A Manhattan Supreme Court Justice today will hear arguments in a case in which the corrections officers union’s is seeking to remove decades of Rikers Island guards’ disciplinary records from public view. The case is one of several recent efforts to misuse the decades-old Civil Rights Law Section 50-a to hide misconduct by police and corrections officers in New York City.

A Manhattan Supreme Court Justice today will hear arguments in a case in which the corrections officers union’s is seeking to remove decades of Rikers Island guards’ disciplinary records from public view. The case is one of several recent efforts to misuse the decades-old Civil Rights Law Section 50-a to hide misconduct by police and corrections officers in New York City.

“At a public safety hazard like Rikers Island, we need more transparency about corrections officer misconduct, not less,” said NYCLU Associate Legal Director, Christopher Dunn, who will participate in argument on behalf of the NYCLU, which has filed an amicus curiae brief in the case. “The public has a right to know whether the Department of Correction is holding guards accountable for the widespread abuse plaguing Rikers.”

The disciplinary records at issue in the case — decisions by the Office of Administrative Trials and Hearings (OATH) — are one of the only ways the public can learn about and address the abuse inside the notoriously secretive Rikers Island. In 2011, Aubrey Victor, a corrections officer, was charged with striking a teenager incarcerated at Rikers without provocation and brutally stomping on his head three times as he lay on the ground. The disciplinary decision by not only found that Victor had used excessive force, but that his claims of self-defense were “incredible.”

“I find respondent’s testimony that he kicked at Inmate Humphrey because he believed the inmate had a weapon to be incredible… The video shows there were multiple times when the inmate held his hands in an open position…It defies belief that respondent did not see that the inmate’s hands were open and empty.” – Dept of Correction v. Victor (OATH decision)
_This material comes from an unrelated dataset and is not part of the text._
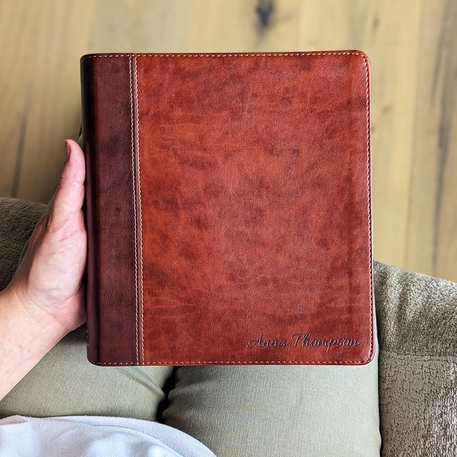PERSONALIZED DESIGN: Custom laser engraving makes this Bible a one-of-a-kind gift. Add a name or short message to create a meaningful keepsake that reflects faith and inspiration. CRAFTED TO PERFECTION: This Personalized ESV Journaling Study Bible features a classic brown leatherlike cover, 2-inch ruled margins for notes, prayers, and reflections, and more than 12,000 in-depth study notes. It offers the perfect balance between study Bible depth and journaling space for personal growth and devotion. BIBLE FEATURES: Includes 12,000 study notes, 80,000 cross-references, 900 facts, 120 character profiles, 10 topical articles, and 80+ maps and illustrations. Designed to help readers explore Scripture with context and clarity. Size: 8.75" x 8" x 1.75". CHRISTIAN GIFT IDEA: A personalized ESV Bible makes a unique and lasting gift for birthdays, graduations, confirmations, or holidays. Perfect for men, women, and teens who want to deepen their study and reflection. SMALL BUSINESS PROMISE: Each Bible is engraved with care and shipped promptly by our family-owned Christian shop. We’re committed to quality craftsmanship, fast service, and customer satisfaction with every order.
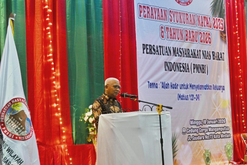 Medan,-Wakil Gubernur (Wagub) Sumatera Utara (Sumut) Surya mengajak Persatuan Masyarakat Nias Barat Indonesia (PMNBI) untuk terus berperan sebagai duta persaudaraan, duta budaya Nias, serta mitra strategis pemerintah dalam membangun Sumut. Hal tersebut disampaikannya pada Perayaan Natal dan Tahun Baru 2026 yang diselenggarakan PMNBI di Gedung Gorga Mangamputua, Minggu (18/1/2026).

A lawsuit filed by the corrections officers union seeks to have the entire OATH ruling about Victor’s case above — and the cases of all corrections officers past and present — removed from the public record. The union claims that 50-a, enacted in 1976 to protect some personal information about government employees, should suddenly apply to misconduct records, wiping out decades of public information important to understanding prison safety.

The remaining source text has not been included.